I'll try my best to get this back on track..
Quote:
Originally Posted by Czech Your Math
I ran a linear regression for '80 to '12 using data that I already had, as follows:
Y = avg. adjusted scoring of top N players (N = # teams in NHL)
Xn = Number of teams in NHL
Xg = Avg. GPG in NHL
Xe = % of top N forwards who were born outside Canada (Canadian trained players from Europe, such as Heatley & Nolan were considered Canadian)
Xp = % of total goals recorded as special teams (PP & SH) goals
Using all 4 variables, the Rsquared was 99.8% and the values for each X were as follows:
Xn= 1.05
Xg= 6.77
Xe= 16.4
Xp= 49.4
Using 3 variables (Xn excluded), the Rsquared was 99.7% and the values of each X were as follows:
Xg= 7.83
Xe= 39.5
Xp= 92.8
Both appear to be very solid models for predicting the avg. adjusted scoring of the top N players each season. The average for the 32 seasons was 88.95 adj. points with a standard deviation of 3.59. With 4 variables, the predicted Y had a mean of 88.87 with the avg. absolute value of the error being 3.13, and 21/32 seasons had errors of < 1 stdev. With 3 variables, the predicted Y had a mean of 88.71 with the avg. absolute value of the error being 3.86, and 18/32 seasons had errors of < 1 stdev.

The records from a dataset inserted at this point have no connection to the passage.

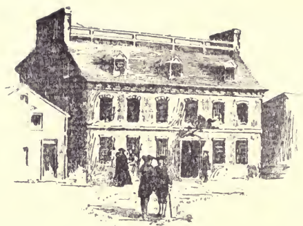
THE GREEN DRAGON TAVERN.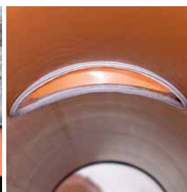
Correct installation of the junction.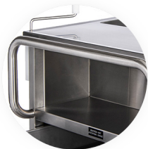
Heated Plate Shelf with own control dial

(to be ordered when cart is initially purchased)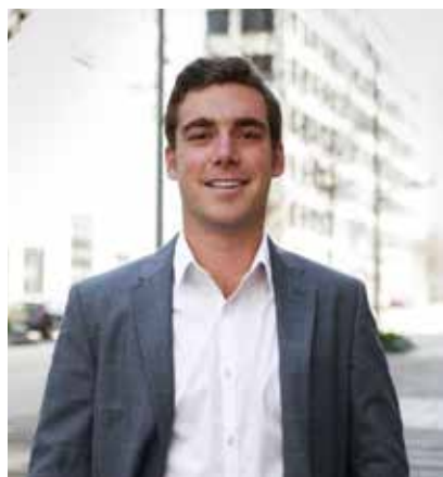
Cameron Police, 2021 Best & Brightest BBA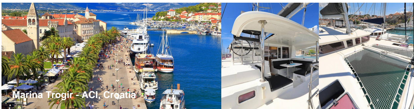
Marina Trogir - ACI, Croatia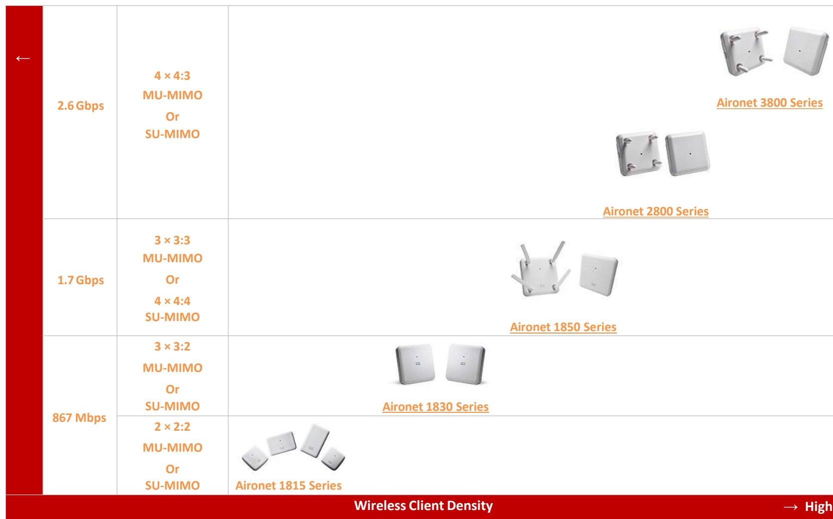
Table 1. Cisco Aironet Access Points-positioning map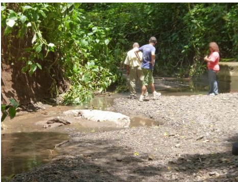
A tributary of the Rio Cobre – it disappears down a sinkhole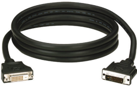
Figure 1. Example of DVI Cable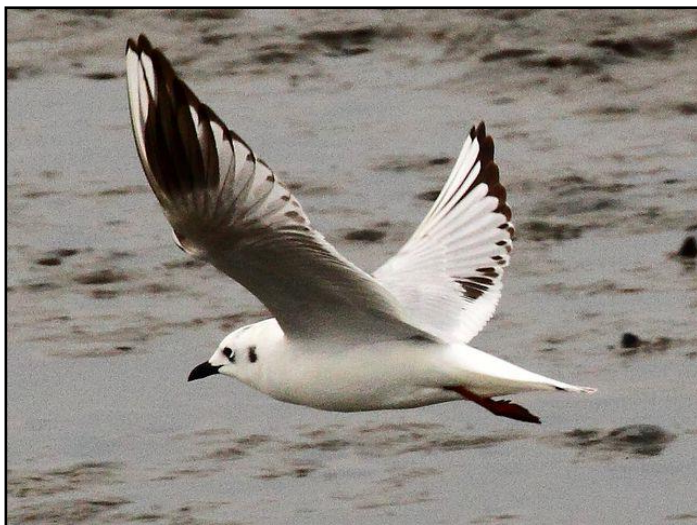
Saunders's Gull

Day 12, 25 th February: Nemuro to Kushiro, fly to Fukuoka and drive to Arasaki. This morning we begin our journey back to Kushiro from where we board our domestic flight to Fukuoka, a large city situated on the northern coast of the island of Kyushu. We may have time to stop in again at the Nemuro Peninsula to search for any species we may have missed the day before and we may also take some time out to bird around Cape Kiritappu in search of the scarce Asian Rosy Finch.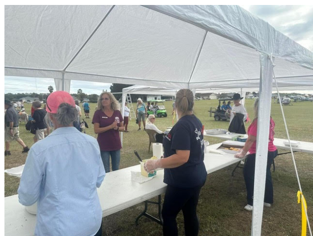
The food line readying for the onslaught of 400+ visitors with lunch tickets!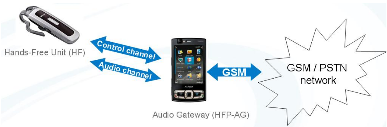
Figure 1: Typical HFP use case

Hands-Free profile v.1.5 and older support 8kHz, 8-bit audio and Hands-Free profile v.1.6 support 16kHz and 8-bit audio also known as Wide Band Speech or HD Voice.

It's important to note that in both models there was a positive coefficient for Xg (league GPG), meaning that as league scoring decreased, the model predicted avg. adj. points of the top N players to decrease as well (by ~78 points per 1.0 point drop in league scoring).
(...)
For those who understand this type of study, I certainly welcome comments, suggestions and even followup studies which may expand, improve or verify the results. This is what I meant by identifying, analyzing and quantifying various factors that may affect the difficulty of top level players to score adjusted points in various seasons. It can be done, and I have taken a step in that direction. I look forward to others taking further steps forward, instead of steps backward using improper analysis and/or pure speculation.

You report coefficients on each regressor but it's hard to really make sense of the results without the tstatistics. Given the insignificant drop in Rsquared when you drop Xn I would assume that 1.05 coefficient is insignificant but I'd like to see the others.
I don't think you can make a judgement on how solid those models are for predicting anything based on Rsquared, as that Y series is probably fairly stable. If you regressed Y on a constant you'd get a pretty high Rsquared too.
My main takeaway:
Y is adjusted to 6 GPG (HR method), right? If your regression used all the players in the league, by definition you'd get Xg=0, because that's what the adjustment does. You have Xg>0 for the top 5% of players, that means the top guys are further away from the mean in highscoring seasons than in lowscoring seasons. The adjustment may not bring down the top guys enough in high scoring seasons.
Am I correct?